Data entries
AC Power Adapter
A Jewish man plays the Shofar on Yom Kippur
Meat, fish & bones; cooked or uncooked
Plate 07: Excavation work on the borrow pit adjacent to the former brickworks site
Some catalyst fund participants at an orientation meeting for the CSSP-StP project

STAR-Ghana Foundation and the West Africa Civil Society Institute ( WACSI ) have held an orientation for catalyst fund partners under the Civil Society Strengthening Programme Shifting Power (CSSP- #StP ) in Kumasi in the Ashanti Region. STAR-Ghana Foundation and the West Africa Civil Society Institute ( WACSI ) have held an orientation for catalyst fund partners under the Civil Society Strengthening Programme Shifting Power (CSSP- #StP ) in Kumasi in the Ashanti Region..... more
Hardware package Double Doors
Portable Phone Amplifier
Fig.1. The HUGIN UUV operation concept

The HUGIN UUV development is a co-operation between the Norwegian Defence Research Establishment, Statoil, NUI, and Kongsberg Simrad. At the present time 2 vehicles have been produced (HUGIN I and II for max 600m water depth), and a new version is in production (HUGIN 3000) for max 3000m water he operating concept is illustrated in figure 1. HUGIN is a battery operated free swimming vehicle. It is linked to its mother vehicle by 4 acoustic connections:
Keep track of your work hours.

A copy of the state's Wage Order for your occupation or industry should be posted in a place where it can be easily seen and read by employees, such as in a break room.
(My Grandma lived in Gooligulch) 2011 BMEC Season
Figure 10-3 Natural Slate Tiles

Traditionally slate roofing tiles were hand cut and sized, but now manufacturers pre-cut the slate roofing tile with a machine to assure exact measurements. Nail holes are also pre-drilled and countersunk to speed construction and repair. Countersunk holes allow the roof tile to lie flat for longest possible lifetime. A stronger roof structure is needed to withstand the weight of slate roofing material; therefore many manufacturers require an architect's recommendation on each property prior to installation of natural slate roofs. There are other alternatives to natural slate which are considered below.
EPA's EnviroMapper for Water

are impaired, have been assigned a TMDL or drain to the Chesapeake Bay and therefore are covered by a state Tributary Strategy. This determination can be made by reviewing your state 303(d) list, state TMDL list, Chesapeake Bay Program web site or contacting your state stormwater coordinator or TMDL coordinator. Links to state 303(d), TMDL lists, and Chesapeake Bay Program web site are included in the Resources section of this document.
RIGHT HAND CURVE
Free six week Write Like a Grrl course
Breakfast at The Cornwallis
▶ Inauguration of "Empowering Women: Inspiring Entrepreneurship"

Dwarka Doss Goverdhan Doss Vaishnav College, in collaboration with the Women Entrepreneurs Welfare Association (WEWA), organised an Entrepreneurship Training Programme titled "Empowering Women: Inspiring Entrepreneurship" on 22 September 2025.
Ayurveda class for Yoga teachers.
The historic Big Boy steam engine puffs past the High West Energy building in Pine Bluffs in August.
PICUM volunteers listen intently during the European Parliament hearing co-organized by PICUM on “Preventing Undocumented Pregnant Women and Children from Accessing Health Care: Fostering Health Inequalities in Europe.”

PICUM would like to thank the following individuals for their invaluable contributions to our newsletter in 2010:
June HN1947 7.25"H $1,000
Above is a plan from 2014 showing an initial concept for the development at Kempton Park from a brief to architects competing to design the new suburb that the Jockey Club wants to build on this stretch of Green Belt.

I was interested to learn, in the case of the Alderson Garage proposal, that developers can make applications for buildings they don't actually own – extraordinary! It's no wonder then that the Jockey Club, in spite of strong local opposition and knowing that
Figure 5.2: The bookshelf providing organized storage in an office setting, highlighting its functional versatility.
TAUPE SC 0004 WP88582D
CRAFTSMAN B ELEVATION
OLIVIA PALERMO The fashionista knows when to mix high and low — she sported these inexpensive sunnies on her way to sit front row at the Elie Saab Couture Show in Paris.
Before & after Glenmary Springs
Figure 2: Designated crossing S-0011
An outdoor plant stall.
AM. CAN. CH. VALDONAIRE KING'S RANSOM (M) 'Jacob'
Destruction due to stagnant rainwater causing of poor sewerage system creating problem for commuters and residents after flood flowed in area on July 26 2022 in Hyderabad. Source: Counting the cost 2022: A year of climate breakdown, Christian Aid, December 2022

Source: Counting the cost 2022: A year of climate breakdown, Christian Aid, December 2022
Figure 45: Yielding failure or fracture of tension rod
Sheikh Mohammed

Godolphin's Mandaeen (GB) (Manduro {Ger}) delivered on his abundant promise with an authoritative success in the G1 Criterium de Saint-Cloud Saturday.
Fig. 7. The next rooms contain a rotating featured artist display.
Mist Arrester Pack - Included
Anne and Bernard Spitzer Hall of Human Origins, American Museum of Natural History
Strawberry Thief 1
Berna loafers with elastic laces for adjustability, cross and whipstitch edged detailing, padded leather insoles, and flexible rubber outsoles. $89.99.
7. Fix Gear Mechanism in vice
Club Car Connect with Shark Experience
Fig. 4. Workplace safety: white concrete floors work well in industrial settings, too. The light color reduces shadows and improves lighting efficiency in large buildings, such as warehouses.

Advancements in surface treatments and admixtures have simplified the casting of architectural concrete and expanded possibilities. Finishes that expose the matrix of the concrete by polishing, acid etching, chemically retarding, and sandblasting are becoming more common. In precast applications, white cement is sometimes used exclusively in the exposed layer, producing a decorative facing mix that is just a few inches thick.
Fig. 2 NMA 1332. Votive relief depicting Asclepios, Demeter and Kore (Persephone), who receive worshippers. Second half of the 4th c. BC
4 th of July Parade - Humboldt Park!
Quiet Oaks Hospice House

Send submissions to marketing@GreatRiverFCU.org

» **EXERCISE PROMPT**
The data above needs to be given again exactly, with no line left out.

» **TASK OUTPUT**
AC Power Adapter
A Jewish man plays the Shofar on Yom Kippur
Meat, fish & bones; cooked or uncooked
Plate 07: Excavation work on the borrow pit adjacent to the former brickworks site
Some catalyst fund participants at an orientation meeting for the CSSP-StP project

STAR-Ghana Foundation and the West Africa Civil Society Institute ( WACSI ) have held an orientation for catalyst fund partners under the Civil Society Strengthening Programme Shifting Power (CSSP- #StP ) in Kumasi in the Ashanti Region. STAR-Ghana Foundation and the West Africa Civil Society Institute ( WACSI ) have held an orientation for catalyst fund partners under the Civil Society Strengthening Programme Shifting Power (CSSP- #StP ) in Kumasi in the Ashanti Region..... more
Hardware package Double Doors
Portable Phone Amplifier
Fig.1. The HUGIN UUV operation concept

The HUGIN UUV development is a co-operation between the Norwegian Defence Research Establishment, Statoil, NUI, and Kongsberg Simrad. At the present time 2 vehicles have been produced (HUGIN I and II for max 600m water depth), and a new version is in production (HUGIN 3000) for max 3000m water he operating concept is illustrated in figure 1. HUGIN is a battery operated free swimming vehicle. It is linked to its mother vehicle by 4 acoustic connections:
Keep track of your work hours.

A copy of the state's Wage Order for your occupation or industry should be posted in a place where it can be easily seen and read by employees, such as in a break room.
(My Grandma lived in Gooligulch) 2011 BMEC Season
Figure 10-3 Natural Slate Tiles

Traditionally slate roofing tiles were hand cut and sized, but now manufacturers pre-cut the slate roofing tile with a machine to assure exact measurements. Nail holes are also pre-drilled and countersunk to speed construction and repair. Countersunk holes allow the roof tile to lie flat for longest possible lifetime. A stronger roof structure is needed to withstand the weight of slate roofing material; therefore many manufacturers require an architect's recommendation on each property prior to installation of natural slate roofs. There are other alternatives to natural slate which are considered below.
EPA's EnviroMapper for Water

are impaired, have been assigned a TMDL or drain to the Chesapeake Bay and therefore are covered by a state Tributary Strategy. This determination can be made by reviewing your state 303(d) list, state TMDL list, Chesapeake Bay Program web site or contacting your state stormwater coordinator or TMDL coordinator. Links to state 303(d), TMDL lists, and Chesapeake Bay Program web site are included in the Resources section of this document.
RIGHT HAND CURVE
Free six week Write Like a Grrl course
Breakfast at The Cornwallis
▶ Inauguration of "Empowering Women: Inspiring Entrepreneurship"

Dwarka Doss Goverdhan Doss Vaishnav College, in collaboration with the Women Entrepreneurs Welfare Association (WEWA), organised an Entrepreneurship Training Programme titled "Empowering Women: Inspiring Entrepreneurship" on 22 September 2025.
Ayurveda class for Yoga teachers.
The historic Big Boy steam engine puffs past the High West Energy building in Pine Bluffs in August.
PICUM volunteers listen intently during the European Parliament hearing co-organized by PICUM on “Preventing Undocumented Pregnant Women and Children from Accessing Health Care: Fostering Health Inequalities in Europe.”

PICUM would like to thank the following individuals for their invaluable contributions to our newsletter in 2010:
June HN1947 7.25"H $1,000
Above is a plan from 2014 showing an initial concept for the development at Kempton Park from a brief to architects competing to design the new suburb that the Jockey Club wants to build on this stretch of Green Belt.

I was interested to learn, in the case of the Alderson Garage proposal, that developers can make applications for buildings they don't actually own – extraordinary! It's no wonder then that the Jockey Club, in spite of strong local opposition and knowing that
Figure 5.2: The bookshelf providing organized storage in an office setting, highlighting its functional versatility.
TAUPE SC 0004 WP88582D
CRAFTSMAN B ELEVATION
OLIVIA PALERMO The fashionista knows when to mix high and low — she sported these inexpensive sunnies on her way to sit front row at the Elie Saab Couture Show in Paris.
Before & after Glenmary Springs
Figure 2: Designated crossing S-0011
An outdoor plant stall.
AM. CAN. CH. VALDONAIRE KING'S RANSOM (M) 'Jacob'
Destruction due to stagnant rainwater causing of poor sewerage system creating problem for commuters and residents after flood flowed in area on July 26 2022 in Hyderabad. Source: Counting the cost 2022: A year of climate breakdown, Christian Aid, December 2022

Source: Counting the cost 2022: A year of climate breakdown, Christian Aid, December 2022
Figure 45: Yielding failure or fracture of tension rod
Sheikh Mohammed

Godolphin's Mandaeen (GB) (Manduro {Ger}) delivered on his abundant promise with an authoritative success in the G1 Criterium de Saint-Cloud Saturday.
Fig. 7. The next rooms contain a rotating featured artist display.
Mist Arrester Pack - Included
Anne and Bernard Spitzer Hall of Human Origins, American Museum of Natural History
Strawberry Thief 1
Berna loafers with elastic laces for adjustability, cross and whipstitch edged detailing, padded leather insoles, and flexible rubber outsoles. $89.99.
7. Fix Gear Mechanism in vice
Club Car Connect with Shark Experience
Fig. 4. Workplace safety: white concrete floors work well in industrial settings, too. The light color reduces shadows and improves lighting efficiency in large buildings, such as warehouses.

Advancements in surface treatments and admixtures have simplified the casting of architectural concrete and expanded possibilities. Finishes that expose the matrix of the concrete by polishing, acid etching, chemically retarding, and sandblasting are becoming more common. In precast applications, white cement is sometimes used exclusively in the exposed layer, producing a decorative facing mix that is just a few inches thick.
Fig. 2 NMA 1332. Votive relief depicting Asclepios, Demeter and Kore (Persephone), who receive worshippers. Second half of the 4th c. BC
4 th of July Parade - Humboldt Park!
Quiet Oaks Hospice House

Send submissions to marketing@GreatRiverFCU.org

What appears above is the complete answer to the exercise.